The doctor's notes on the drug confirmed that my experience was not isolated, either. There have been other seizures on this drug.
 
Experimented with this twice now, the later resulting in one of the strongest dissociative experiences I've had since an ungodly amount of MXE.
There seems to be a tipping point around the 150mg mark that sends you into another dimension/s and prolongs the experience substantially.
The first attempt at 100mg orally produced more of a fuzzy, slightly manic stimulant effect, and a long afterglow the next day.
The 2nd painted my brains against the ceiling and left me feeling pretty emotionally and mentally drained upon returning to reality.
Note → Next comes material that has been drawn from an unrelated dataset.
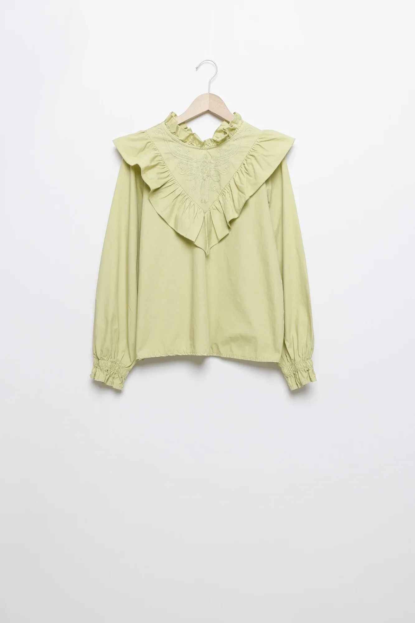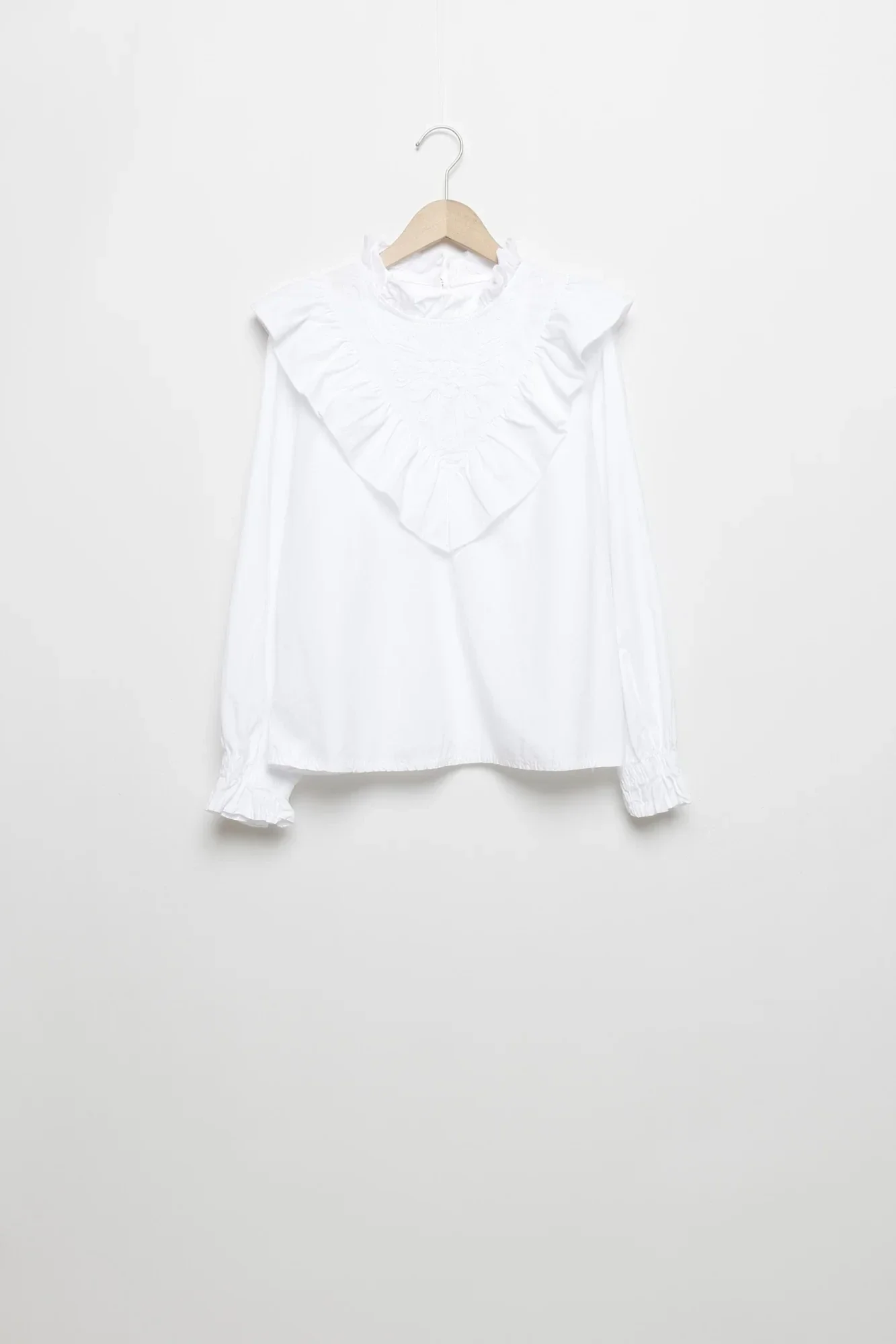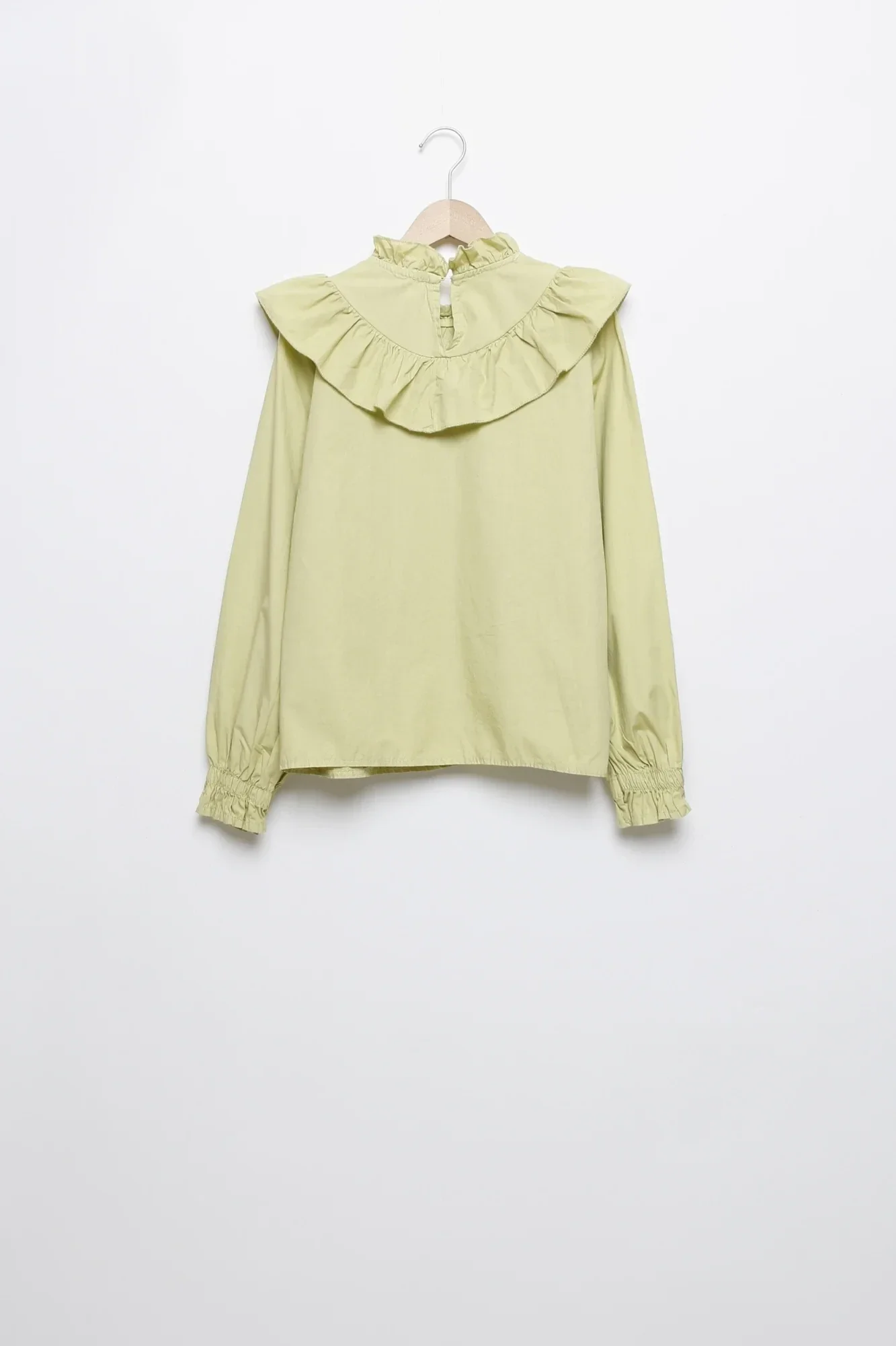 Tejido fluido. Diseño recto. Cuello redondo. Manga larga. Puño elástico. Abotonado en el cuello. Talla modelo: S. Altura modelo: 1,75 m.
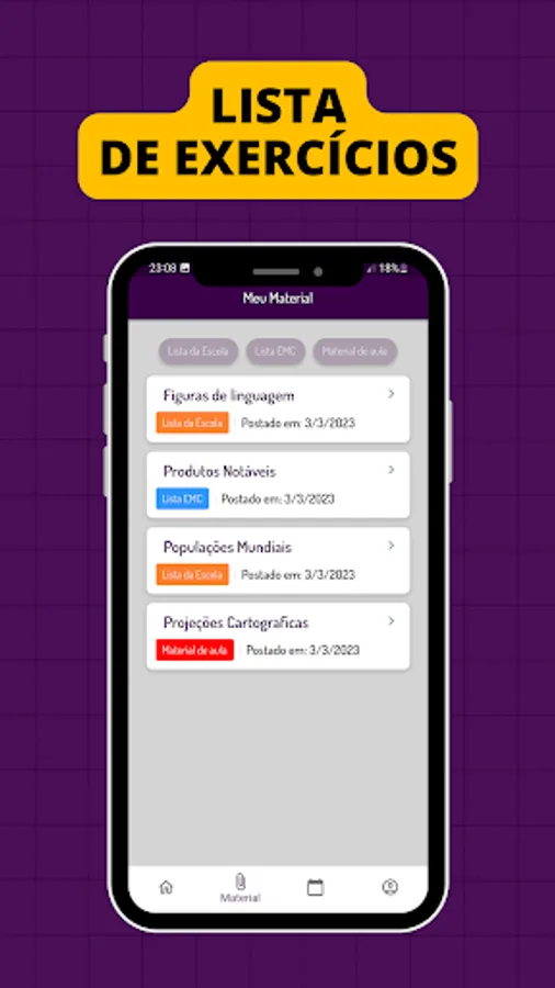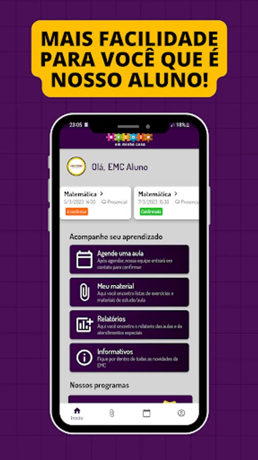 EMC Student has arrived, the Escola Em Minha Casa app for you who are our students. Here you will have access to the list of exercises, class/study materials, performance reports, in addition to being able to schedule classes.

Not as recreational as MXE or Ketamine for me. It's lacking that warm, almost opiate like glow as well as the empathic qualities of MXE, but it certainly sends you traveling through the outer depths of time and space as good as, if not more so than middle of the range ket or high quality MXE.
 
I'm kind of a newbee in pharmacology, but my first idea was that the methoxy group will add a serotonin action to the big cerebral jimjam. I'm happy that i guess it rigth héhé.

But will diphenidine and methoxphenidine have an opioide-like action ? I will have a sample of each soon and will report.